> **What needs to be done**:
In the entries below, find the line containing "Blueberries on a wooden table." and the line containing "国防军工行业专利被引用总次数排行榜:航发动力第一". Copy those two lines and everything between them exactly, and only that.

> **Data**:
● ● ● ● ●

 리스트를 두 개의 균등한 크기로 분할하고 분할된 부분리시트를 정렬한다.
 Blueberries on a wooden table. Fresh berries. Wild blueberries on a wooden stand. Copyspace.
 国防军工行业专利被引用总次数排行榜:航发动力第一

● ● ● ● ●

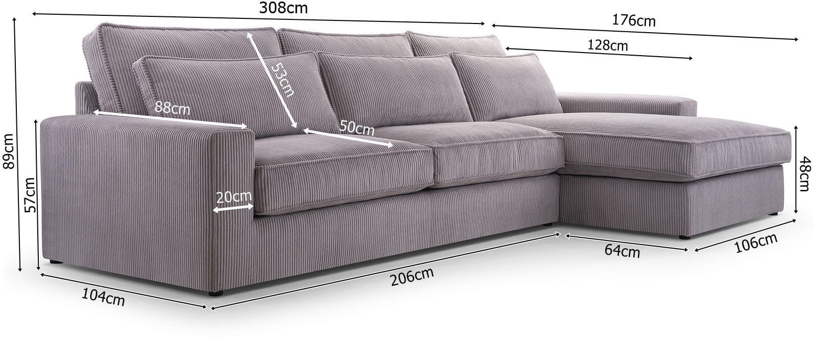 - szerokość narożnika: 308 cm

● ● ● ● ●

> **Answer to the exercise**:
 Blueberries on a wooden table. Fresh berries. Wild blueberries on a wooden stand. Copyspace.
 国防军工行业专利被引用总次数排行榜:航发动力第一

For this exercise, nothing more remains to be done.